The reason anti-fans keep reading LKH when her book quality is so abysmal is we know she can do better, we resent that she won't, and we're kind of mourning the fact that a book that contains scenes like this can't manage to be any better.

She also has the timing of a broken clock. This chapter should end here. It's done. But instead, it goes on for several pages. A celtic god of death just got his powers back...and instead of actually letting us focus on that, and how utterly bad that could be--or good and awesome--LKH has to shift things over to how much Merry Loves Galen.

He's green. It's boring. Let's skip it.

Next up: This is not actually their house. This is not really mentioned in any of these chapters, but they're living with Maeve Reed. I guess LKH's copypasta doesn't extend to descriptions of actual places. Maeve has just come home. Her husband has died in the months between this and the last book, and she's pregnant via Merry's fertility spell, the last time she'll ever have a baby with her dead husband. The studio execs that she works for want her to have an abortion because she won't be able to make her next movie if she's pregnant.
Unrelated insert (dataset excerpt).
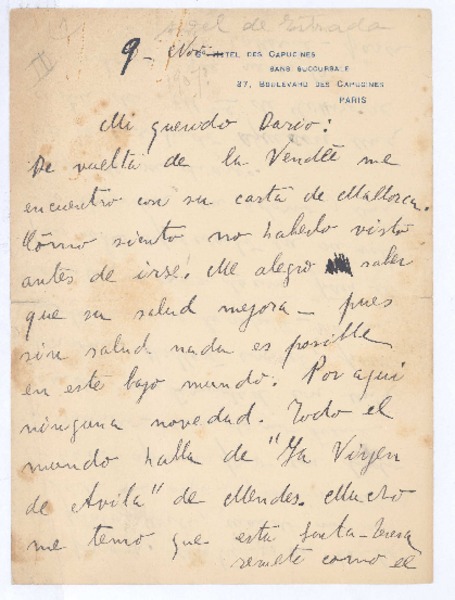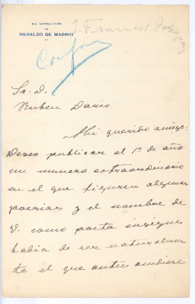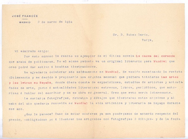 [Carta] 1914 marzo 2, Madrid, España [a] Rubén Darío [manuscrito] José Francés.

In a rare case, I agree with Merry 100%; these guys are a bunch of assholes. Maeve is inconsolable, so Merry heads off to comfort her.

End of chapter.

1 comment:

  1. I think you're spot on with what keeps drawing us back to LKH. I'm kind of obsessed with her work because she hits on so many things I like to read and write about, and manages to fuck them all up in spectacular fashion while ALSO being as offensive as humanely possible.